— TASK BRIEF —
Would you return, word for word, the lines of the data below from the line with "Dziewczynka w wełnianym" through the line with "Lumiere, developed by", and no others?

** EXERCISE INPUTS follows **

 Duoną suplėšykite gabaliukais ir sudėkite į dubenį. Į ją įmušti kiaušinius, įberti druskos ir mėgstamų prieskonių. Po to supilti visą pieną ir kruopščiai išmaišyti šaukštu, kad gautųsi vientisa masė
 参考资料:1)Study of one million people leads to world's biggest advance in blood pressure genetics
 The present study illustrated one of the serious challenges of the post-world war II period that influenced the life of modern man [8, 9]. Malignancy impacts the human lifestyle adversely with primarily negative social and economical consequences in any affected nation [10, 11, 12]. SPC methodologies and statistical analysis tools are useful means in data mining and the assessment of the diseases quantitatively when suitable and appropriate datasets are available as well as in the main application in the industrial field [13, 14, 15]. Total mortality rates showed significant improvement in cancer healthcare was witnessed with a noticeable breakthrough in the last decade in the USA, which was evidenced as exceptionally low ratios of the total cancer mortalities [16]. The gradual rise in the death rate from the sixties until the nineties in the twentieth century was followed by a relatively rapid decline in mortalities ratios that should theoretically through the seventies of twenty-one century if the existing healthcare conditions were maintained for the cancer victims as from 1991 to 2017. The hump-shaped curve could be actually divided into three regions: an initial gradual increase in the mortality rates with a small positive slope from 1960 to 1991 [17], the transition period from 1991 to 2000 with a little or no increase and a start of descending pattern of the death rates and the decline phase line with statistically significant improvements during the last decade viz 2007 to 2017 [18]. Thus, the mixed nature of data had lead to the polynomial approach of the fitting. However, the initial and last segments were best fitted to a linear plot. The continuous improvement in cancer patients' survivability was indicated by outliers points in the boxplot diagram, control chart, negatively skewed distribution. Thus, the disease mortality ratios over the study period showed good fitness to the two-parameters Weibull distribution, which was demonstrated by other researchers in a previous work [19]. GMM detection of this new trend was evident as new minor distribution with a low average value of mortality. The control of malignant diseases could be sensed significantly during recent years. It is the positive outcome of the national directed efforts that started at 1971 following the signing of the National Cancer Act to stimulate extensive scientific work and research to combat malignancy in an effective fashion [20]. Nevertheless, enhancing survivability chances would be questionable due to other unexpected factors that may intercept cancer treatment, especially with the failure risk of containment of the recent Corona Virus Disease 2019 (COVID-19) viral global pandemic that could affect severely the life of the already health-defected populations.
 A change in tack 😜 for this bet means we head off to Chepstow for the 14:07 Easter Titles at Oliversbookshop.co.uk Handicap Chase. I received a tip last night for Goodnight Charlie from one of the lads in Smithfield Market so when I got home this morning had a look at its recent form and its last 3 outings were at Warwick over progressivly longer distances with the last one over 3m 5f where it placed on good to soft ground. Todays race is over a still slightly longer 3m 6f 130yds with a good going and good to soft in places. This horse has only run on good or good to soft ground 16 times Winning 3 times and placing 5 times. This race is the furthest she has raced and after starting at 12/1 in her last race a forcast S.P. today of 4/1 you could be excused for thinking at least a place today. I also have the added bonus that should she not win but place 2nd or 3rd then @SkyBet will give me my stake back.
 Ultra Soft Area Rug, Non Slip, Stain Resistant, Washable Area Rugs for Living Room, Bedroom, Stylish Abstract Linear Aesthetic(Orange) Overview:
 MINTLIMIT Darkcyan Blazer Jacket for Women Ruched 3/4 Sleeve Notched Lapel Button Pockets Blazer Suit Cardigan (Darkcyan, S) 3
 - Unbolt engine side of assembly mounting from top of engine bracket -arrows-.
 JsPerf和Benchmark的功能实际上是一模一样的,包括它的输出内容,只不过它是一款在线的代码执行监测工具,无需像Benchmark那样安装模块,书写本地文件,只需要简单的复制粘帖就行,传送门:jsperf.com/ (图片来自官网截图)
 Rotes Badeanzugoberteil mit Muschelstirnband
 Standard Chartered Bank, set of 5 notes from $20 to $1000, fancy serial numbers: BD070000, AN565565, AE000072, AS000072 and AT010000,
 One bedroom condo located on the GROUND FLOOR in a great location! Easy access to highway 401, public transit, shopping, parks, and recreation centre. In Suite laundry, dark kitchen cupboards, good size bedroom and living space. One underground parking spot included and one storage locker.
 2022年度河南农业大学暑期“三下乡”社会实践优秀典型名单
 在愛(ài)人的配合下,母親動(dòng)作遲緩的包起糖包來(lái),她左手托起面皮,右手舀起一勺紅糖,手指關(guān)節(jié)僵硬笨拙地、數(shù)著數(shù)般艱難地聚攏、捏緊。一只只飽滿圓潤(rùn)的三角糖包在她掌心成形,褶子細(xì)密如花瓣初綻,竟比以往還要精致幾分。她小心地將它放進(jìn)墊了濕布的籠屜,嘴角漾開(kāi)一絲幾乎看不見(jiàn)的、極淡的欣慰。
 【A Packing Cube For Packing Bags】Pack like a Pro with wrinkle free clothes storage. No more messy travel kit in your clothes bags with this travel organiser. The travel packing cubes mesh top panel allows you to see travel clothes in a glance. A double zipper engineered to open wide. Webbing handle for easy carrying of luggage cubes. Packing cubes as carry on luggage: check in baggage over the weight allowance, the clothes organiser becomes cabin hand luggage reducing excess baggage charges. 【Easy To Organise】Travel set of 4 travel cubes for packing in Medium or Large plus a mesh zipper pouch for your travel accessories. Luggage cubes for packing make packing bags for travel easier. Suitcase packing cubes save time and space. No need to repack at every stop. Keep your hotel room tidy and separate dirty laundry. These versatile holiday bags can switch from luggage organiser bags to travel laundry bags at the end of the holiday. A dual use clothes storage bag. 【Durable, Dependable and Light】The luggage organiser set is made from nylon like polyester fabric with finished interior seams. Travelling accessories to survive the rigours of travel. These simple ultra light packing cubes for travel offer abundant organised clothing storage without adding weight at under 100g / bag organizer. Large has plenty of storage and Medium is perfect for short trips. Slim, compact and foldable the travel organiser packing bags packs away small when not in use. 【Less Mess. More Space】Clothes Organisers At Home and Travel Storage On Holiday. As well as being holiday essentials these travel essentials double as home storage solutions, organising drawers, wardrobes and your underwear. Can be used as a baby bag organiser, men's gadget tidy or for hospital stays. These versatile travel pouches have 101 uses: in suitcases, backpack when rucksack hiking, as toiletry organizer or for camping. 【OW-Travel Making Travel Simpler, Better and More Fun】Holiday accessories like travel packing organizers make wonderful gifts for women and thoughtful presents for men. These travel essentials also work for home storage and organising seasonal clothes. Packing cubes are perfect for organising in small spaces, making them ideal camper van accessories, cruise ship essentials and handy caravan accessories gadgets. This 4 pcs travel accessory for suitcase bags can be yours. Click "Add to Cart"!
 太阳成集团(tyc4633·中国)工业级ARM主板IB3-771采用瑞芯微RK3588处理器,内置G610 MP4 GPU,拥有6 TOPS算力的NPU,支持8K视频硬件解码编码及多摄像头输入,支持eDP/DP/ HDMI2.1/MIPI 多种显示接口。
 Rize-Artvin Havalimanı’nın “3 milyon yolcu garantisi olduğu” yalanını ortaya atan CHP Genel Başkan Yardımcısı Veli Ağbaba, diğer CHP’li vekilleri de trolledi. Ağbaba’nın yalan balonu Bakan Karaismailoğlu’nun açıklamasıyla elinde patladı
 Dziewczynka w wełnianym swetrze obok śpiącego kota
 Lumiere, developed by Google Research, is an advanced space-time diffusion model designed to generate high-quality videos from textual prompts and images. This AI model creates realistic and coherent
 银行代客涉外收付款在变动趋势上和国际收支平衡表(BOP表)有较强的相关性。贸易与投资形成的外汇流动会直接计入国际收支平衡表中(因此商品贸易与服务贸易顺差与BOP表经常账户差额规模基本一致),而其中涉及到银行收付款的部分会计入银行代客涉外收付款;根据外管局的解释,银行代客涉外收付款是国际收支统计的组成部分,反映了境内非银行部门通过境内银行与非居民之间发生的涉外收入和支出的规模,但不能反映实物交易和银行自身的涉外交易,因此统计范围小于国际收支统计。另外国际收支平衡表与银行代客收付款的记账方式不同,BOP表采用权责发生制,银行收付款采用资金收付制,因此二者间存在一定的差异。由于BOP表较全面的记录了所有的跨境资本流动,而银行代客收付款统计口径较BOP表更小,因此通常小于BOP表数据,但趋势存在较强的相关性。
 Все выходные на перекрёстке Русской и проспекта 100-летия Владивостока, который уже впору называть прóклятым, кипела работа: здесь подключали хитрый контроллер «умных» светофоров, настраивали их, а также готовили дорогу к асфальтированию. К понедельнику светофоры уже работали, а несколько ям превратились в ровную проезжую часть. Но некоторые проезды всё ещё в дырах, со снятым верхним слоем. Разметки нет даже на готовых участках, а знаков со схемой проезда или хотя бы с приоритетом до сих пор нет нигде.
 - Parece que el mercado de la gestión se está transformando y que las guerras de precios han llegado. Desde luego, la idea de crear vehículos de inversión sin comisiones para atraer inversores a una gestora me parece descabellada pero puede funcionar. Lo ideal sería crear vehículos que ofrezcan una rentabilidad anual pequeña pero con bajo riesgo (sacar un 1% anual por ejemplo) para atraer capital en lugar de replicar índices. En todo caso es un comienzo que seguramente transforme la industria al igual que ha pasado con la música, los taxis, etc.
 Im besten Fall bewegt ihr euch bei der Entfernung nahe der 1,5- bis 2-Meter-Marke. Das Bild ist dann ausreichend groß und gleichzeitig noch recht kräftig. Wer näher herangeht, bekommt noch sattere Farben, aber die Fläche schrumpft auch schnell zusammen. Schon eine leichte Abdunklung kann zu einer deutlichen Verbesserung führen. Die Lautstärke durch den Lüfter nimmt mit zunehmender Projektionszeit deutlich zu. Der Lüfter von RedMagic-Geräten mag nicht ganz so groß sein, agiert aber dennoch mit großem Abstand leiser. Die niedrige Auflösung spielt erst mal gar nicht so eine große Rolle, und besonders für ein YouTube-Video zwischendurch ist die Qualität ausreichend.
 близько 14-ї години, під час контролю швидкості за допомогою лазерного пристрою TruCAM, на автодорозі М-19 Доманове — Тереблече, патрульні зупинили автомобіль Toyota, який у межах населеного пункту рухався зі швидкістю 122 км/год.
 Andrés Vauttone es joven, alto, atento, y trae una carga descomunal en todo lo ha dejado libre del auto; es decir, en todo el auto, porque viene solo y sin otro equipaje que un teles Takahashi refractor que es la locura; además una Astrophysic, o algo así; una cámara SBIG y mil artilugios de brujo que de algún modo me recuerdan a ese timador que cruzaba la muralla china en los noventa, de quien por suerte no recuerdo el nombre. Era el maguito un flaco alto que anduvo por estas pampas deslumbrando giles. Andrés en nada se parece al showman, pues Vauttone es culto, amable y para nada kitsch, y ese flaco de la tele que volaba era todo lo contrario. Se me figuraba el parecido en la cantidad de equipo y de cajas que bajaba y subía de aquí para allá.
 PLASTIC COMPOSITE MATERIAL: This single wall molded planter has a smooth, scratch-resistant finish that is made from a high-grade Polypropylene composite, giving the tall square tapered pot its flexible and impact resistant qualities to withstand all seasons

** End of EXERCISE INPUTS **

— ANSWER TO THE EXERCISE —
 Dziewczynka w wełnianym swetrze obok śpiącego kota
 Lumiere, developed by Google Research, is an advanced space-time diffusion model designed to generate high-quality videos from textual prompts and images. This AI model creates realistic and coherent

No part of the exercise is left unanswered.